#### Supplied material
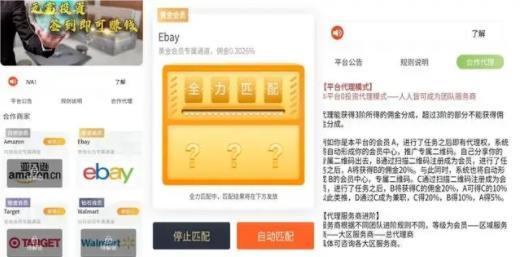 平台共有白银、黄金、铂金、钻石四级会员,分别可针对亚马逊、Ebay、Target和沃尔玛进行每日50、60、65、70次匹配,每次匹配只需轻点自动匹配按钮,即可完成刷单,无需与其他任何客服交流。
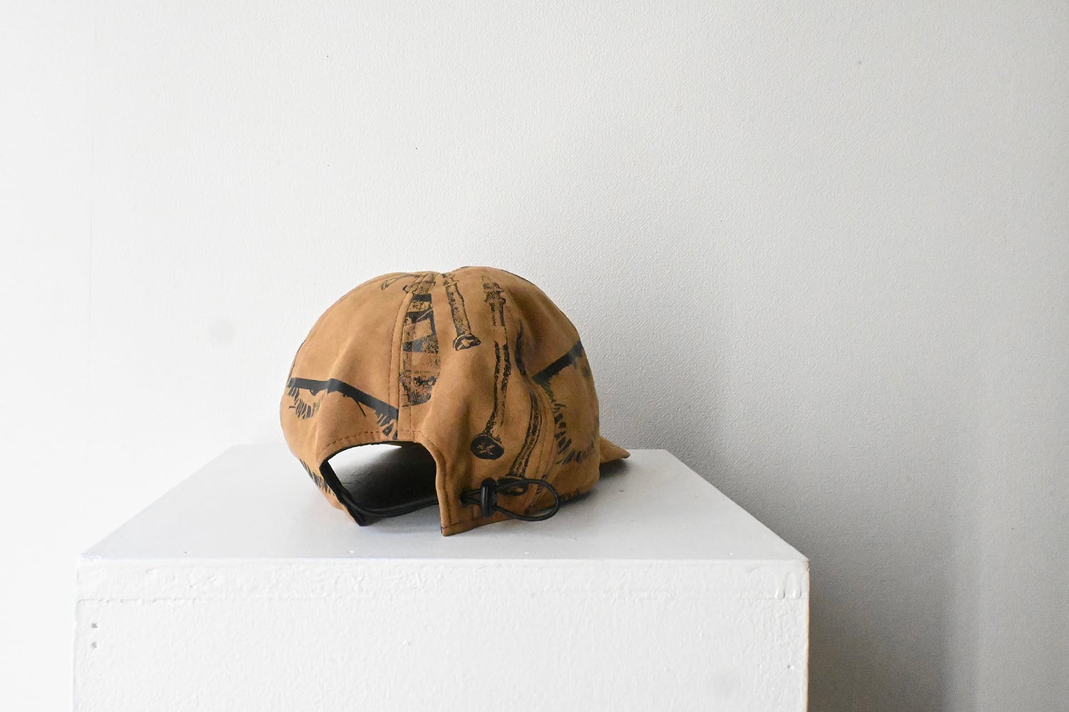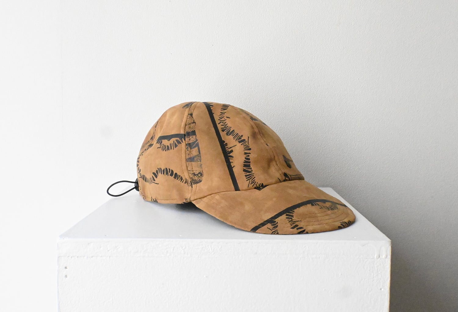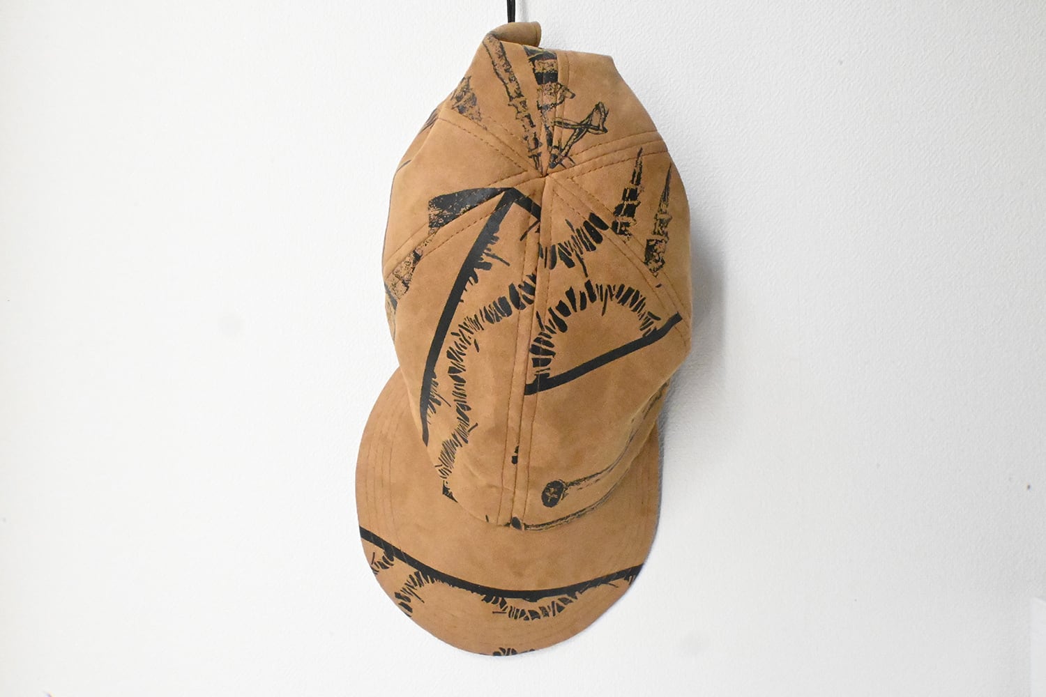 金子自らがシルクプリントした生地をランダムに裁断し、縫製された一点物の帽子です。
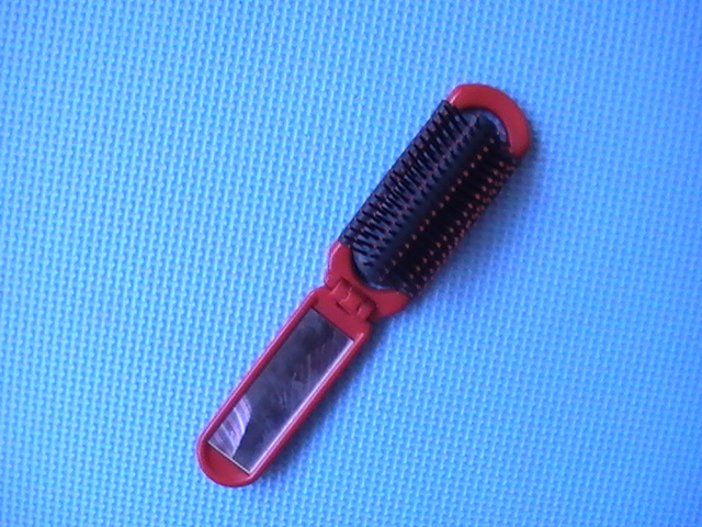 木梳及包装盒。木梳主体由橡胶制成,需要用手将一排排木梳齿插入主体内。木梳主体及木梳齿有毒,长期接触对人体有害。木梳的包装盒由一种透明的特殊材质制成,需要用一种特殊胶水糊制,这种胶水有毒,发出一种刺激的味道。此种木梳出口到许多国家。图示为张士教养院实际生产的一种木梳。

#### Task requirements
Output a faithful copy of the data, with each picture left out.

#### Answer for this exercise
 平台共有白银、黄金、铂金、钻石四级会员,分别可针对亚马逊、Ebay、Target和沃尔玛进行每日50、60、65、70次匹配,每次匹配只需轻点自动匹配按钮,即可完成刷单,无需与其他任何客服交流。
 金子自らがシルクプリントした生地をランダムに裁断し、縫製された一点物の帽子です。
 木梳及包装盒。木梳主体由橡胶制成,需要用手将一排排木梳齿插入主体内。木梳主体及木梳齿有毒,长期接触对人体有害。木梳的包装盒由一种透明的特殊材质制成,需要用一种特殊胶水糊制,这种胶水有毒,发出一种刺激的味道。此种木梳出口到许多国家。图示为张士教养院实际生产的一种木梳。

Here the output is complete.